(Source records)
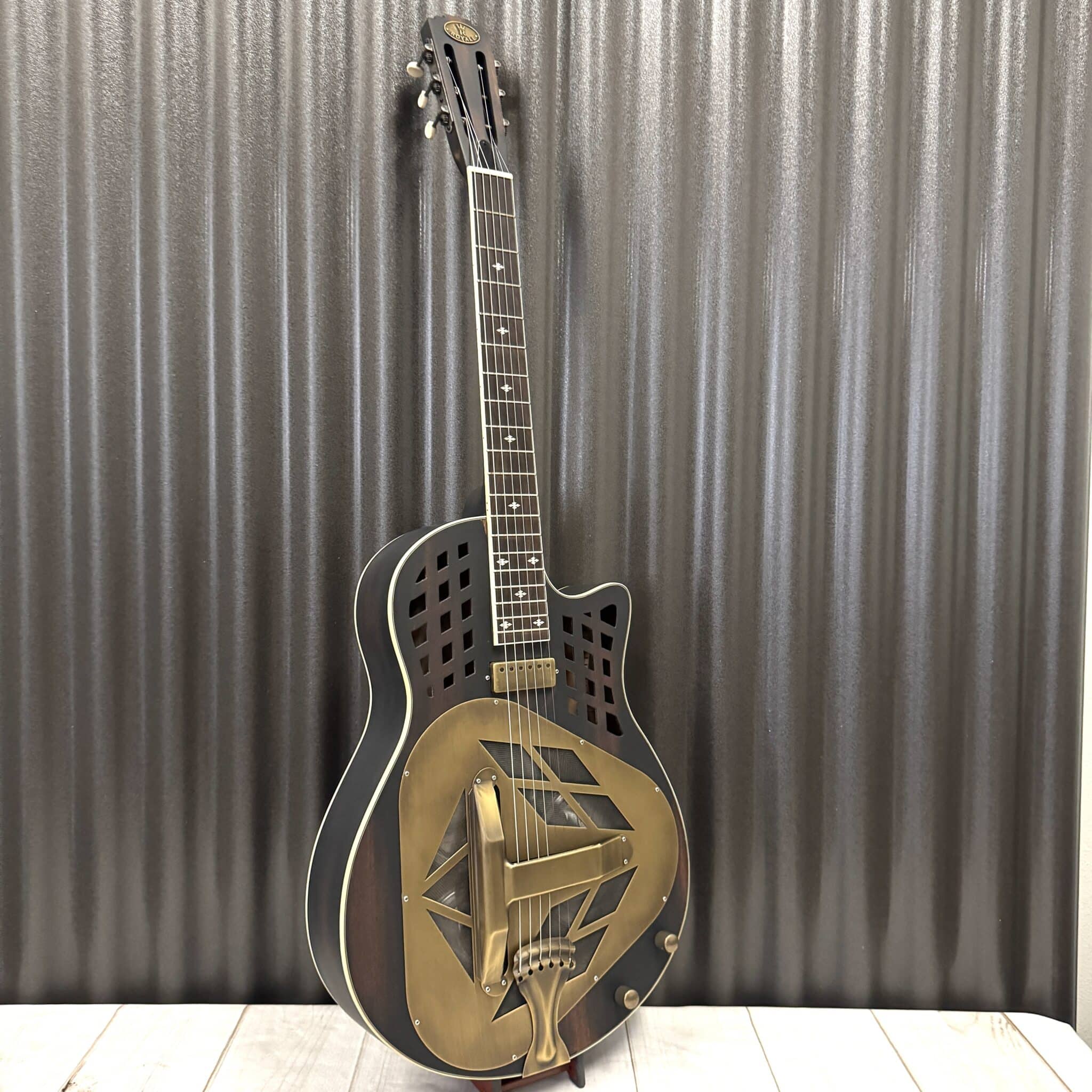 All of the resonators we make in our shop have their own individual character. With different relic looks for the same finish, or the dark or light fingerboards, we want you to be able to choose the one that best suits your needs. Therefore, all of our resonators are individually photographed with their Royall serial number in the listed tag. The instrument in the numbered listing is the exact one you will receive.
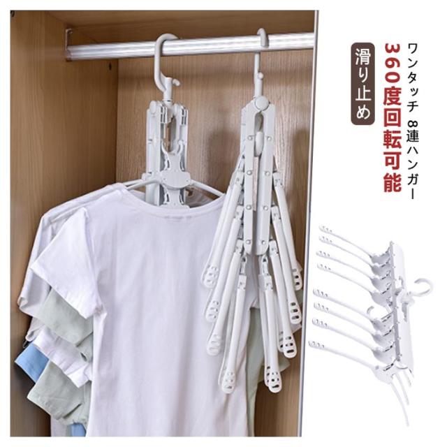 8連ハンガー ワンタッチ 折りたたみ ハンガー 収納 洗濯ハンガー 物干し 多機能 折り畳み 室内 屋外 連結 省スペース コンパクト ワンタッチハンガー 洗濯物干し 滑り止め 新生活 引っ越し 便利グッズ 送料無料
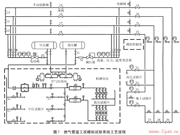 近幾年來,隨著供氣規(guī)模的日益擴大,為保證安全、可靠供氣和燃氣有效利用,燃氣管網(wǎng)優(yōu)化調(diào)度問題受到了普遍重視。為實現(xiàn)燃氣管網(wǎng)調(diào)度自動化,解決燃氣管網(wǎng)系統(tǒng)工況優(yōu)化以及管道事故分析等問題,涌現(xiàn)出了許多監(jiān)督控制、數(shù)據(jù)采集、仿真模擬、泄漏分析與定位軟件。這些軟件運行結(jié)果的準(zhǔn)確與否,直接影響管網(wǎng)系統(tǒng)的設(shè)計、投資和運行的可靠性。由于燃氣管網(wǎng)的特殊性,即使將軟件安裝在現(xiàn)場,也無法設(shè)置各種工況來檢驗軟件的可靠性,只能依靠軟件本身設(shè)定參數(shù)進行前期虛擬調(diào)試,軟件計算的準(zhǔn)確度、能否適應(yīng)不同工況、能否對運行中的突發(fā)事故做出正確響應(yīng)均無法得到有效驗證。本文介紹的燃氣管道工況模擬試驗系統(tǒng)是在充分研究城鎮(zhèn)燃氣輸配系統(tǒng)結(jié)構(gòu)的基礎(chǔ)上設(shè)計的,運行環(huán)境接近實際,工況設(shè)定靈活,可以模擬事故,為燃氣應(yīng)用軟件提供現(xiàn)場測試平臺。
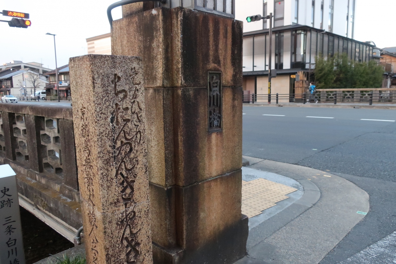 白川橋は東山通りから東に入った白川に架かる橋だ。観光スポットで有名な巽橋や一本橋の上流に当たる。この橋が有名というよりも、南側の欄干東詰めにある道標が京都における現存最古の道標として知られている。「是よりひだり、ちおんゐんぎおんきよ水みち」とある。「左(ここでは南方側)」と限定しているのは東から来た旅人に限定した案内だ。東海道から来た不案内な旅人に有名なスポットを紹介している。面白いのは「是より」のよりに合字が使われていた。
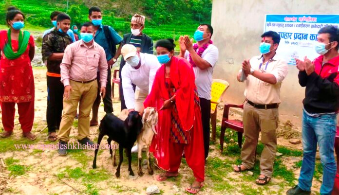आर्थिक अबस्था कमजोर भएका नागरिकहरुलाई लक्षितगर्दे तीन वर्षे कार्यक्रम अन्र्तगत यस वर्ष वडा नं. ६ मा ५० वटा बाख्रा वितरण गरिएको हो । सो अबसरमा अध्यक्ष कार्कीले गाउँपालिकामा २५० वटा उन्नतजातका बाख्रा र बोका वितरण गरिने जानकारी गराएका थिए ।-अशोक ठकुरीबाट
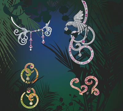 珍愛之鳥”系列珠寶。 修長的線條、豐滿的羽毛、細致復(fù)雜的卷曲花紋、令人目炫的罕貴彩色寶石,讓神話幻化成浪漫永恒,在強烈的動感中展現(xiàn)Van Cleef
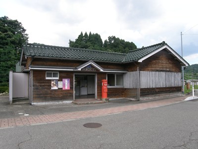 木造の駅舎で、破風の部分には勢いのある書体で駅名が書かれています。
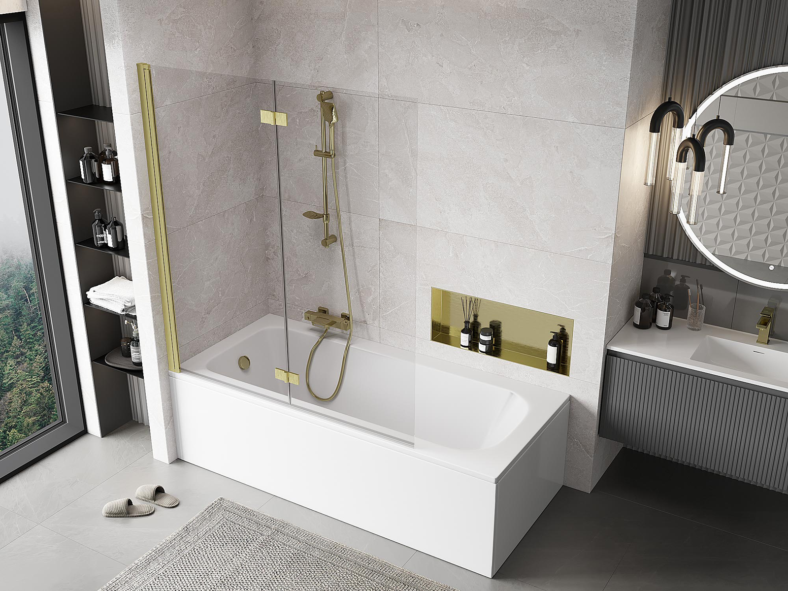 Effective protection against water spilling during bathing. The screen has seals that perfectly fit the glass surface and the edge of the bathtub. A functional solution ensuring safety and easy maintenance of cleanliness.

### [TO DO]
Reproduce, without alteration and without pictures, only those lines that lie between the first line of the entries above and the line containing "आर्थिक अबस्था कमजोर", both of them included.

### [WRITTEN REPLY]
 All of the resonators we make in our shop have their own individual character. With different relic looks for the same finish, or the dark or light fingerboards, we want you to be able to choose the one that best suits your needs. Therefore, all of our resonators are individually photographed with their Royall serial number in the listed tag. The instrument in the numbered listing is the exact one you will receive.
 8連ハンガー ワンタッチ 折りたたみ ハンガー 収納 洗濯ハンガー 物干し 多機能 折り畳み 室内 屋外 連結 省スペース コンパクト ワンタッチハンガー 洗濯物干し 滑り止め 新生活 引っ越し 便利グッズ 送料無料
 近幾年來,隨著供氣規(guī)模的日益擴大,為保證安全、可靠供氣和燃氣有效利用,燃氣管網(wǎng)優(yōu)化調(diào)度問題受到了普遍重視。為實現(xiàn)燃氣管網(wǎng)調(diào)度自動化,解決燃氣管網(wǎng)系統(tǒng)工況優(yōu)化以及管道事故分析等問題,涌現(xiàn)出了許多監(jiān)督控制、數(shù)據(jù)采集、仿真模擬、泄漏分析與定位軟件。這些軟件運行結(jié)果的準(zhǔn)確與否,直接影響管網(wǎng)系統(tǒng)的設(shè)計、投資和運行的可靠性。由于燃氣管網(wǎng)的特殊性,即使將軟件安裝在現(xiàn)場,也無法設(shè)置各種工況來檢驗軟件的可靠性,只能依靠軟件本身設(shè)定參數(shù)進行前期虛擬調(diào)試,軟件計算的準(zhǔn)確度、能否適應(yīng)不同工況、能否對運行中的突發(fā)事故做出正確響應(yīng)均無法得到有效驗證。本文介紹的燃氣管道工況模擬試驗系統(tǒng)是在充分研究城鎮(zhèn)燃氣輸配系統(tǒng)結(jié)構(gòu)的基礎(chǔ)上設(shè)計的,運行環(huán)境接近實際,工況設(shè)定靈活,可以模擬事故,為燃氣應(yīng)用軟件提供現(xiàn)場測試平臺。
 白川橋は東山通りから東に入った白川に架かる橋だ。観光スポットで有名な巽橋や一本橋の上流に当たる。この橋が有名というよりも、南側の欄干東詰めにある道標が京都における現存最古の道標として知られている。「是よりひだり、ちおんゐんぎおんきよ水みち」とある。「左(ここでは南方側)」と限定しているのは東から来た旅人に限定した案内だ。東海道から来た不案内な旅人に有名なスポットを紹介している。面白いのは「是より」のよりに合字が使われていた。
आर्थिक अबस्था कमजोर भएका नागरिकहरुलाई लक्षितगर्दे तीन वर्षे कार्यक्रम अन्र्तगत यस वर्ष वडा नं. ६ मा ५० वटा बाख्रा वितरण गरिएको हो । सो अबसरमा अध्यक्ष कार्कीले गाउँपालिकामा २५० वटा उन्नतजातका बाख्रा र बोका वितरण गरिने जानकारी गराएका थिए ।-अशोक ठकुरीबाट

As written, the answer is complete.